Hello Everyone, I'm pretty new to GCP( Moving from Aws to GCP ) and I have a lame question( please excuse me ). We are building a traditional EDW with GCP. As part of scheduler, we have cloud composer and all our codes sits in Compute Engine ( like Ec2 instance in AWS ).
How would I set up a workflow to run my jobs from Compute Engine? or what's the best solution to implement the same?
Some more info on our pipeline: Pipeline 1 : Extracts Millions of rows from sql db(legacy), do some etl logic [ cleansing ,adding a new column,dropping columns, up case column values and so on ] and finally load into redshift
Pipeline 2 : Read data from Googlesheets, perform above etl logic and load into different redshift table[s].
Pipeline 3 : Read data from Google API's, perform cleanup, insert into redshift and so on.
How best I can write my ETL workflows with cloud composer.

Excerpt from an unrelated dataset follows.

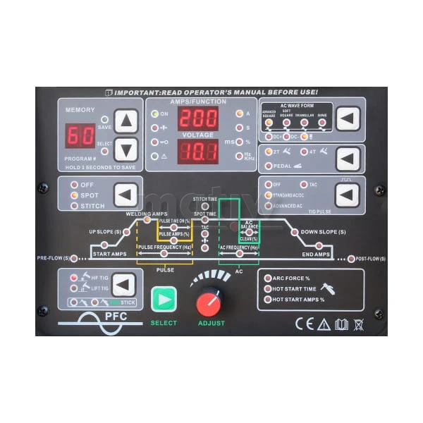 - TIG AC HF - analogiczna funkcja umożliwiająca spawanie aluminium prądem przemiennym, zajarzenie następuje bezstykowo poprzez prąd o wysokiej częstotliwości generowany przez jonizator,

Any help is highly thankful!
----------PROJECT STRUCTURE & REQUIREMENTS------------ In my compute Engine I have project like : /home/ubunutu/projects/project1 /venv /src/job1.py ( reads googlesheets and loads into cloudsql) /src/job2.py ( Reads Google Adwords API, do some cleaning, modifying attributes and load into cloudsql) /home/ubunutu/projects/project2 /venv /src/job1.py ( Read file from GCS, perform cleaning,adding/remving columns and load into cloudsql) /src/job2.py ( Reads data from a cloudsql table A and perform some modifications and loads into cloudsql table B) Now in composer, how do I orchestrate the complete work flow? Python jobs sits in Compute engine and I need to execute them. The reason Why we use compute Engine is to perform some in-memory opearions like reading data in dataframe, do some group by, create new columns, creating temporary files and so on. or what would be your suggestions? As like moving the whole sandbox to composer's /data directory as like, /data/projects/project1 /venv /src/job1.py ( reads googlesheets and loads into cloudsql) /src/job2.py ( Reads Google Adwords API, do some cleaning, modifying attributes and load into cloudsql) /data/projects/project2 /venv /src/job1.py ( Read file from GCS, perform cleaning,adding/removing columns and load into cloudsql) /src/job2.py ( Reads data from a cloudsql table A and perform some modifications and loads into cloud sql table B) In this case, 1. Will I be able to download any temporary files in composer server and perform some operations on it? 2. I shall not be needed to create venv If I place my code in composer directly as I can install packages via PyPI in console? ----------------------------------------------------------
Could you please help me out with your valuable knowledge? Thanks a lot in advance!
Thanks a lot in advance!